Alvin Plantinga, professor emeritus at the University of Notre Dame, recently received the Templeton Prize in Religion, which “honors a living person who has made an exceptional contribution to affirming life’s spiritual dimension, whether through insight, discovery, or practical works.”
He thus joins the ranks of a quite disparate and distinguished group. Mother (now Saint) Teresa, Aleksander Solzhenitsyn, Archbishop Desmond Tutu, and Britain’s Chief Rabbi Jonathan Sacks are previous winners.
What makes Plantinga so extraordinary, however, is that he isn’t supposed to exist.
He isn’t, that is, according to the New Atheists and their ilk: biologist and blowhard Richard Dawkins, yes, but perhaps especially philosopher Daniel Dennett, who awards to himself and fellow atheists the title of “brights,” leaving religious believers, of course, in the dark.
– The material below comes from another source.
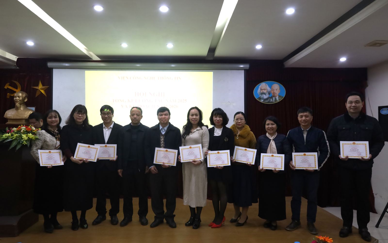 Trong năm qua, Viện CNTT có nhiều cá nhân có thành tích xuất sắc trong công tác, Ban lãnh đạo Viện đã trao danh hiệu Tập thể lao động xuất sắc, Chiến sĩ thi đua cấp Viện, Giấy khen của Viện trưởng cho những tập thể, cá nhân có nhiều đóng góp cho sự phát triển của viện trong năm 2025.

The not-so-New Atheists carry on, in fact, a tradition at least as old as the more radically unbelieving wings of the eighteenth-century Enlightenment, and of the ancient Cynics long before that. That tradition is to see themselves as the paragons of rationality while religious believers are viewed as pathetically combining intellectual density and psychological neediness to the psychotic extent of believing in Things That Aren’t There: God as Easter Bunny, perhaps, or Flying Spaghetti Monster.